### [Task brief]
Give again only the lines from the line that holds "Порт дисплея является" to the end of the data, inclusive, omitting all pictures.

### [Dataset content]
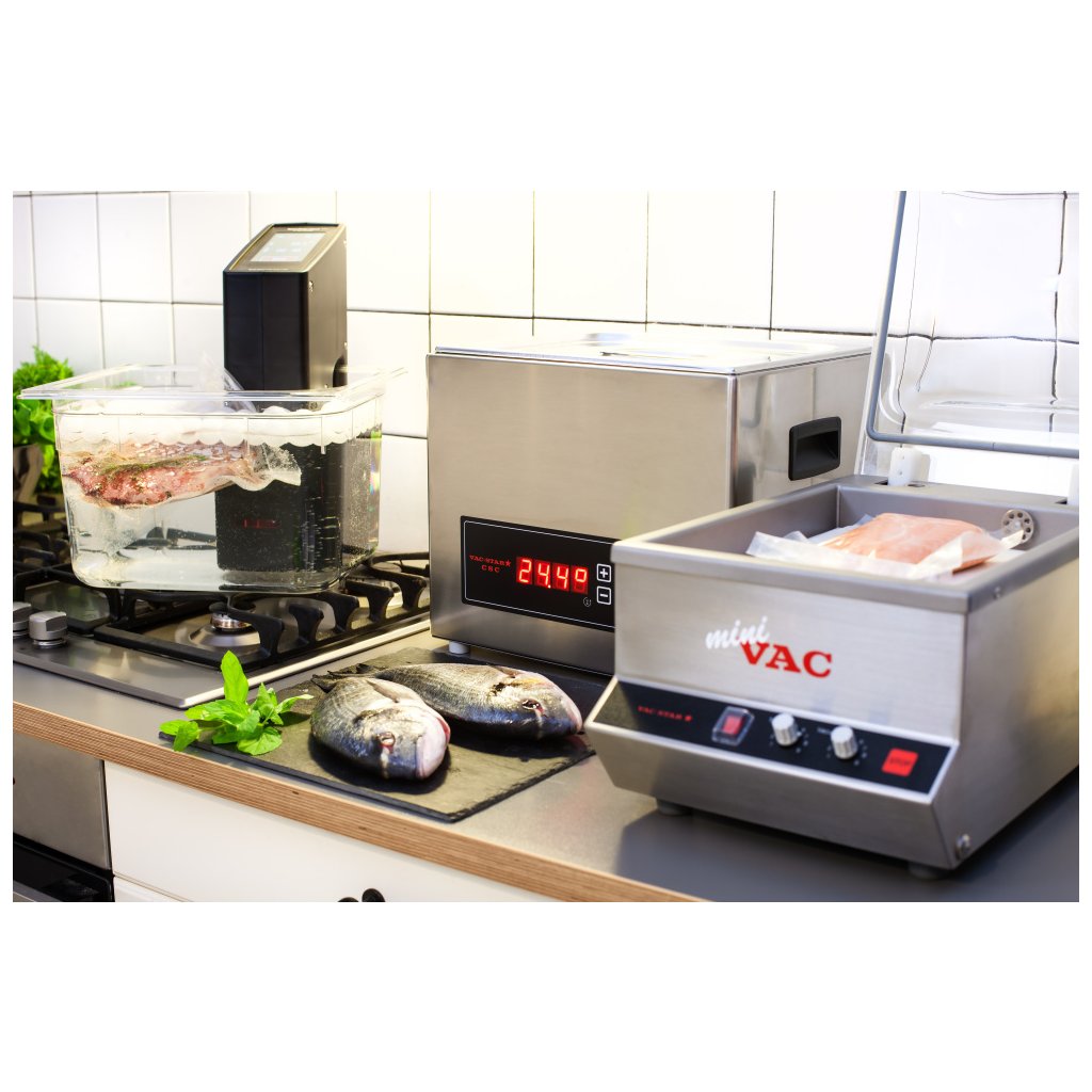 Cirkulační hlavici Sous-Vide Chef CLASSIC firmy VACSTAR doporučujeme do restaurací i na hobby domácí vaření. Vejde se do každé kuchyně a příprava s ní je jednoduchá a přesná. Velký přehledný displej vám nabídne teplotu v rozmezí 25-99 °C a ohřev vody po dobu až 99 hodin. Je tak ideální pro vaření metodou Sous-Vide. Pro přípravu jídel s touto hlavicí potřebujete pouze velký hrnec, gastro nádobu nebo jakoukoliv jinou nádobu do 40 litrů. Nastavíte jednoduše čas a teplotu a přístroj začne pracovat. Až dosáhne teploty, oznámí vám to signálem. Pak už můžete vložit balíčky se zavakuovanými potravinami a nechat jej pracovat. Nemusíte se bát odpaření vody, přístroj si sám hlídá její hladinu. Před odpařením navíc chrání vodu izolační kuličky. Dokonalost hlavice tkví i v preciznosti. Hlavice má přesnost ohřevu vody na 0,2 °C. Další výhodou je bezúdržbovost a robustnost, daná poctivou výrobou. Vybavení Vac-Star je prověřené v kuchyních profesionálů i v domácnostech nadšených kulinářských fanoušků. Můžeme s klidným svědomím slíbit, že s vybavením Vac-Star, vyráběným v České republice, nesáhnete vedle. Rozměry (š x h x v) 90x165x350 mm Hmotnost 2,1 kg Napětí 230 V Maximální objem 40 l Příkon 1000 W hmotnost pouze 2,1 kg díky spodní cirkulaci může být nádoba menší než 40 l nezabere mnoho místa (rozměry 350 × 90 × 165 mm) teplota nastavitelná v rozmezí 25-99 °C přesnost 0,2 °C, možnost nastavení ve °F při poklesu hladiny vody upozorní alarmem pojistka proti přetížení mobilní aplikace Vám pomůže s recepty na přípravu pokrmů dostupnost náhradních dílů – zaručená po 10 let
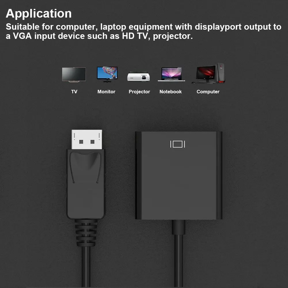 Порт дисплея является одним из основных разъемов для передачи аудио/видео и дисплея. Адаптер с чипсетом преобразования внутри, конвертация сигнала от displayport к VGA. Коэффициент разрешения VGA до 1920x1200. Он также поддерживает 1080P.
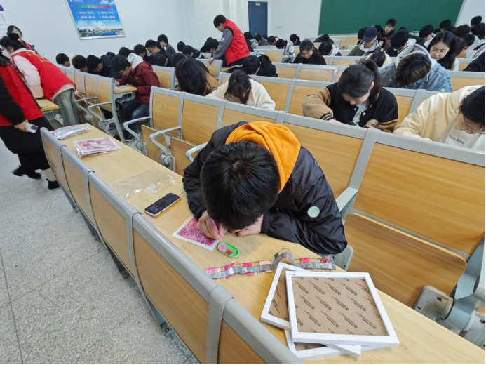 本次活动吸引了众多同学的参与,他们积极响应,踊跃报名。活动现场一片欢声笑语,气氛热烈。在心理部成员的指导下,同学们分组进行了创意贴画。通过小组合作,他们发挥想象力,用彩色钻石贴画搭配出各种独特的图案和形状,展现了他们的艺术才华与团队精神。

### [Exercise solution]
 Порт дисплея является одним из основных разъемов для передачи аудио/видео и дисплея. Адаптер с чипсетом преобразования внутри, конвертация сигнала от displayport к VGA. Коэффициент разрешения VGA до 1920x1200. Он также поддерживает 1080P.
 本次活动吸引了众多同学的参与,他们积极响应,踊跃报名。活动现场一片欢声笑语,气氛热烈。在心理部成员的指导下,同学们分组进行了创意贴画。通过小组合作,他们发挥想象力,用彩色钻石贴画搭配出各种独特的图案和形状,展现了他们的艺术才华与团队精神。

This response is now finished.